## AIM OF THE EXERCISE
Would you please print exactly the lines that run from the one with "магли. И поред" to the last line of the data, both included, without any pictures?

## INPUT DATA
• • •

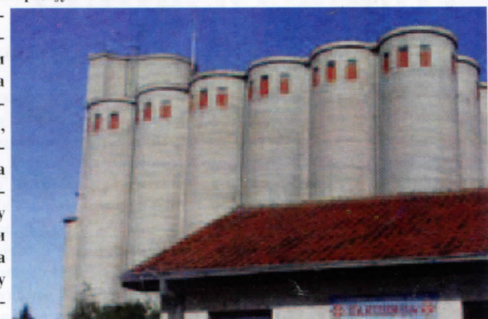
Нема хлеба без мотике, ни Маковице без приватизације

магли. И поред јаке медијске пропаганде, будући власник ( Енглеz индијског порекла ), још увек се не
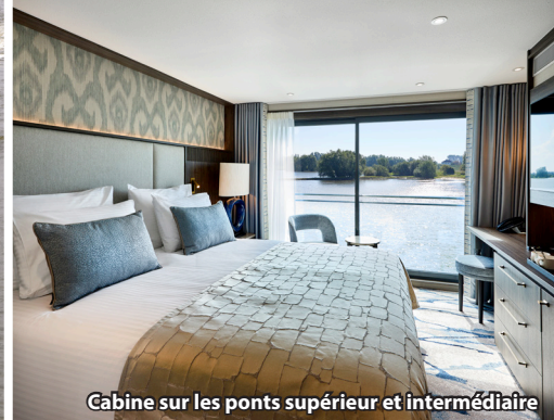
Cabine sur les ponts supérieur et intermédiaire

• • •

## RESPONSE
магли. И поред јаке медијске пропаганде, будући власник ( Енглеz индијског порекла ), још увек се не
Cabine sur les ponts supérieur et intermédiaire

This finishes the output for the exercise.